This week, the World Health Organization (WHO), released its 2017 tuberculosis (TB) surveillance report. This important report detailing the global morbidity and mortality burden of TB was released one week before the first-ever United Nations High Level Meeting on Tuberculosis on Sept. 26, 2018 in New York.
The WHO report finds that although TB deaths declined from 1.7 million in 2016 to 1.6 million in 2017, for the fourth year in a row TB remains the leading global infectious killer and the world is not on track to meet global targets for ending TB by 2030. Key findings are:
- The number of new TB cases is falling by 2 percent per year, although faster reductions have occurred in Europe (5 percent per year) and Africa (4 percent per year) between 2013 and 2017.
- Globally, 3.6 million people with the disease are still being “missed,” and do not receive treatment for the disease.

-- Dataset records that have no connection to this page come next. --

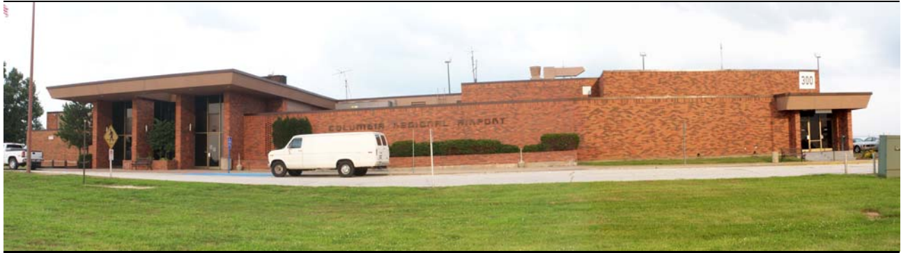
Figure G-1 EXISTING PASSENGER TERMINAL

The ground or first floor of the terminal encompasses the public passenger areas, which include two public entrance vestibules, the lobby, two sets of ticket counters, two rental car agency offices and counters, baggage claim area, the deplaning corridor and restrooms. Airline operating spaces include their offices, operations areas, and storage. The security functions of the passenger terminal consisting of the passenger security check point, a secure passenger holdroom, and offices and support areas for the Transportation Security Administration (TSA) are also accommodated on the first floor.
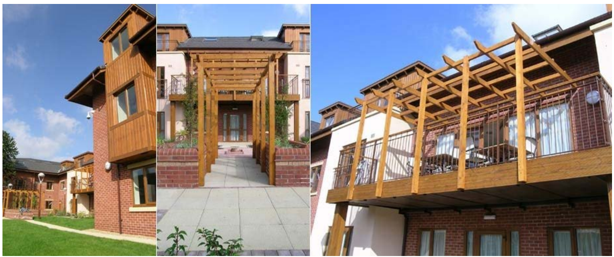
External appearance providing useable and accessible places - Millhouse, Nantwich

A fundamental principle in any building design is that the design should compensate for impairments. Impairment becomes a disability only when the built environment does not compensate for impairments, which could include:-
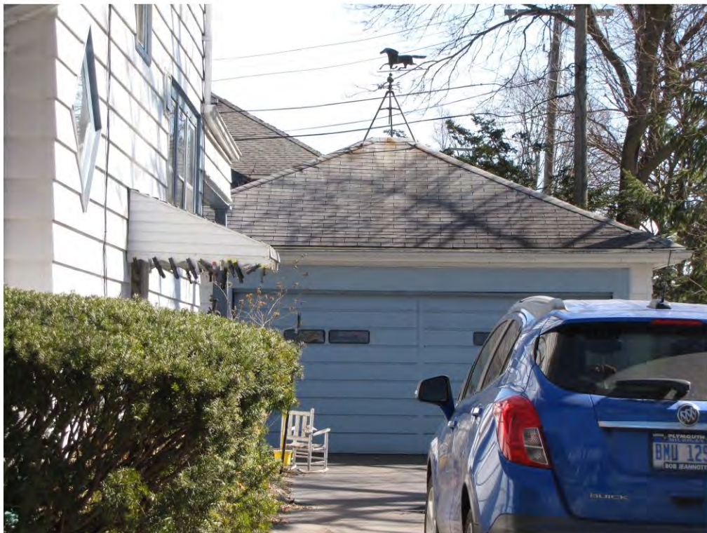
West 114, Garage_Looking East
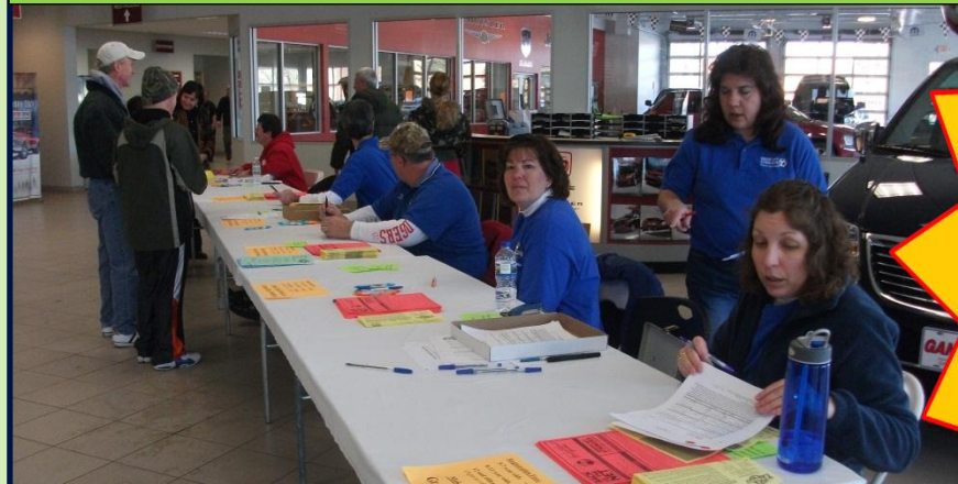
Green Bay Striker Board members ready themselves for registration of east side recreational soccer players and coaches. The Green Bay Strikers are Northeast WI largest recreational soccer club.
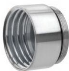
Aluminum Full-Flow Coupling Male (NPSM Threads)
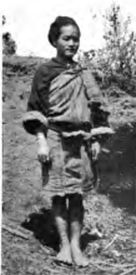
LEPCHA MAN, SIKKIM.
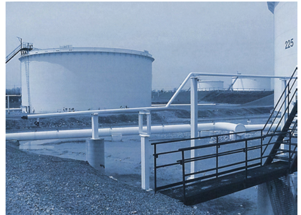
Closer view of storage tanks and associated infrastructure
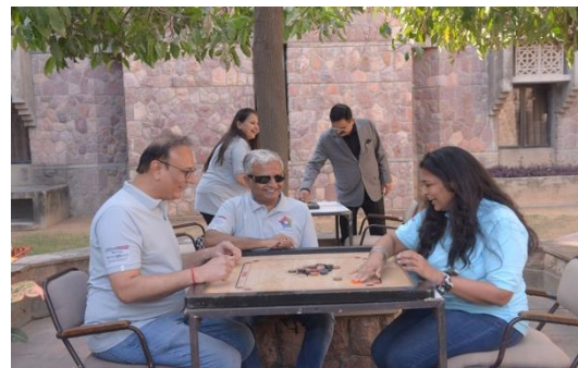
Reliving the memories on campus with some fun games and activities

After visiting the hostel, the guests were proceeded towards the MDP Centre where an elaborate lunch was organised. The guests, professors and Alumni team enjoyed the delicacies together.
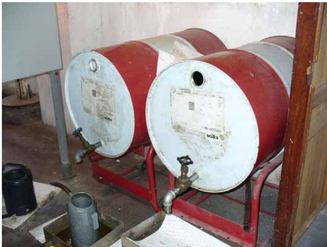
39. Oil lubricants located inside Panola Street station, observed open container.
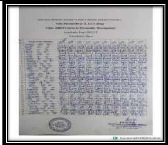
Attendance of the Course
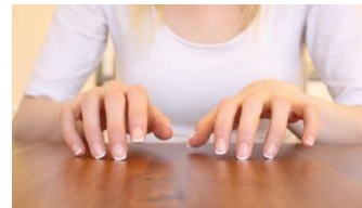
tapping with fingers
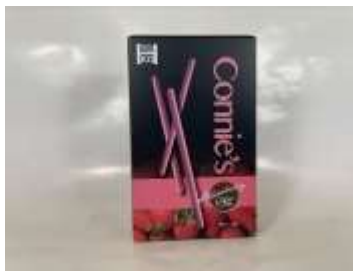
HT121 1.23oz x 24 CONNIE'S 草莓牛奶巧克力味棒(18M) TOKO STRAWBERRY MILK CHOCO STICK
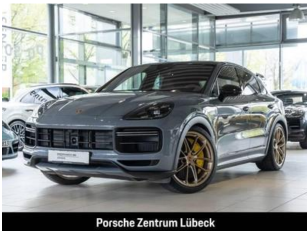
Porsche Zentrum Lübeck
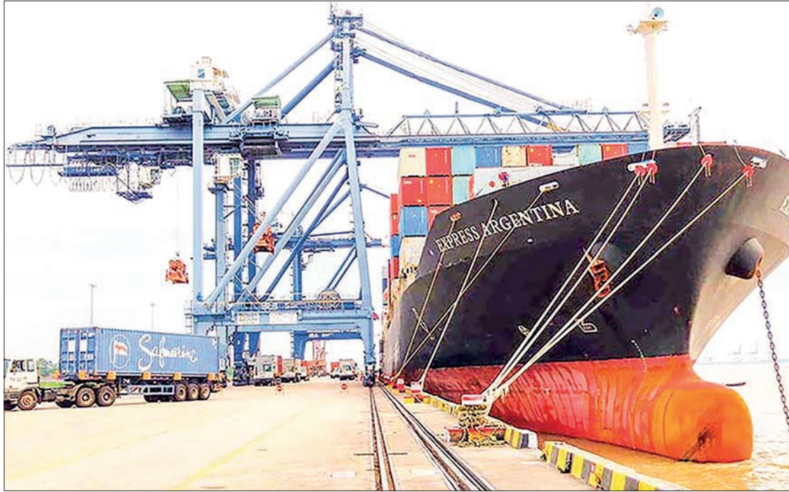
An overseas container vessel docks at Yangon Port for loading and unloading.

Myanmar Port Authority has arranged maritime trade channels to handle increasing imports to meet domestic demand, bolster exports, and improve port capacity for significant ship arrivals. Myanmar Port Authority notified that it will inform exporters and importers of ship arrival schedules promptly upon extended schedule.
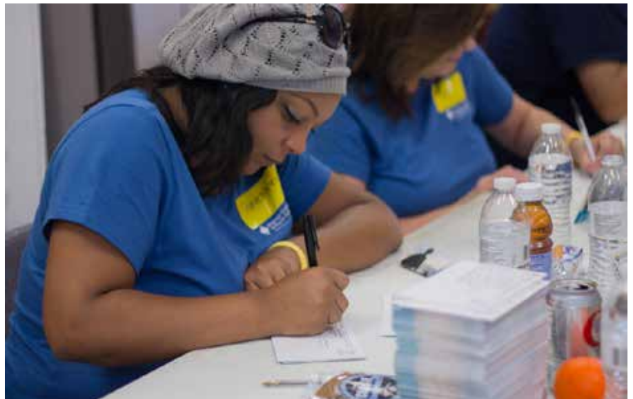
Hundreds of handwritten thank-you letters were composed by the ADU team, thanking donors for their contributions.

The leadership at Adventist University believes in giving back to the community, and sees the value in dedicating the time and manpower to make a difference. This is the second consecutive year that ADU has volunteered at the CFOC, and for its past efforts the University was awarded by the Heart of Florida United Way as the 2015 Corporate Volunteer Group of the Year. 🌟
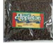
67159 Cookie Chips
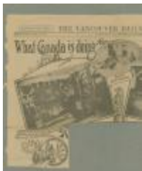
What Canada is Doing for Her Native Indian Children (38f-c000058-d0008-001)
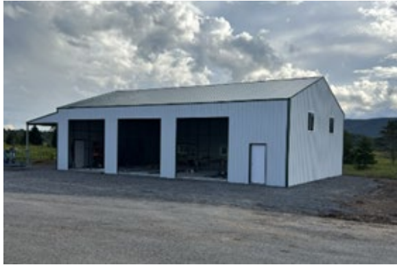
Completed Schaeffer Building.

Canaan Valley National Wildlife Refuge is a high-elevation wetland habitat for many threatened and endangered species and provides visitor access to hunting, fishing, cross-country skiing, hiking, and boating. This project is renovating the interior and exterior of the Schaeffer Building, which is used for equipment and maintenance supply storage. Work also includes replacing the roof and siding and improving vehicular and pedestrian access around the structure.
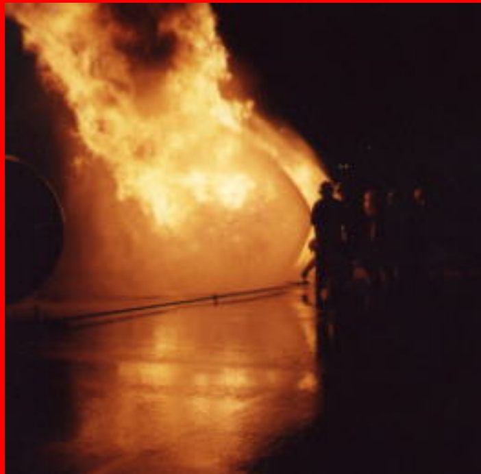
Propane fire training Alameda County Fire Department (9/94)
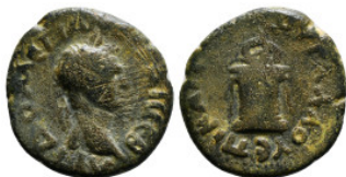
319 Roman Provincial Coin Ae 7,33 g - 23,10 mm

- Drug resistant TB is a public health crisis, with only about one in four cases of drug resistant TB being detected and treated.
- Less than half of children estimated to have TB were reported in 2017.
Progress against TB will not be achieved without a multi-pronged and sustained campaign involving both public and private health care sectors and program funding to improve TB detection, treatment and prevention efforts as well as for research focused on development and implementation of new tools. Next week’s U.N. High Level meeting on TB is expected to secure key country commitments for accelerating progress against TB. The U.S. delegation to the meeting will be led by Health and Human Services Secretary Alex Azar, U.S. Agency for International Development Director Mark Green and the President’s Emergency Plan for AIDS Relief (PEPFAR) Ambassador Deborah Birx.